Tekst powstał we współpracy z firmą ERGO Hestia
W połowie ubiegłego roku media donosiły o fali ataków cyberprzestępców. Ich ofiarami stało się łącznie ponad sto państw, w tym Ukraina, na którą przypadł największy impet agresorów. Przed stratami nie uchroniły się również potężne korporacje.
Hakerzy zaatakowali m.in. 45 tys. komputerów i 4 tys. serwerów należących do duńskiego armatora Maersk, co doprowadziło do przerwania jego pracy. Korporacja oszacowała straty na 250–300 mln euro.

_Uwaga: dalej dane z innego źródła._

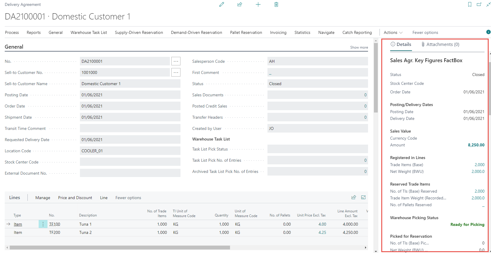 The Storage Receipt Agr. Key Figures Factbox contains the main and most important key figures for the agreement, for example totals number of trade items, total net weight etc.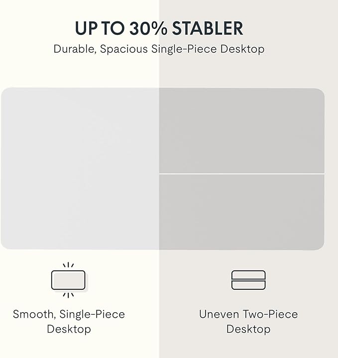 - AMPLE WHOLE-PIECE DESKTOP: With its one piece eco-friendly desktop, this standing desk provides plenty of room for your computer setup, documents, and accessories, creating a well-organized and productive work environment. Due to hand measurements, desktop dimensions may vary slightly by 0 to 1”.

Na cybernetyczne zagrożenia przygotowują się administracje państw. Rząd USA w 2017 roku wydał na cyberbezpieczeństwo 7,5 mld dol., a cały światowy rynek zabezpieczeń wart był rok wcześniej 28 mld dol. Niemcy wiosną 2017 roku przystąpili do tworzenia oddziałów liczących 13,5 tys. „cyberżołnierzy” mających walczyć z nowym rodzajem zagrożeń.
Muszą brać je pod uwagę także polscy przedsiębiorcy, tym bardziej że liczba ataków w naszym kraju rośnie. Odpowiadający za bezpieczeństwo komputerowe państwa Rządowy Zespół Reagowania na Incydenty Komputerowe na swojej stronie internetowej www.cert.gov.pl podsumował, że w 2015 roku (najnowsze dane) zgłoszono 16 123 incydenty, gdy w 2012 roku było ich 1168. Faktycznych incydentów CERT naliczył w 2015 roku 8914, o 19 proc. więcej niż w 2014 roku.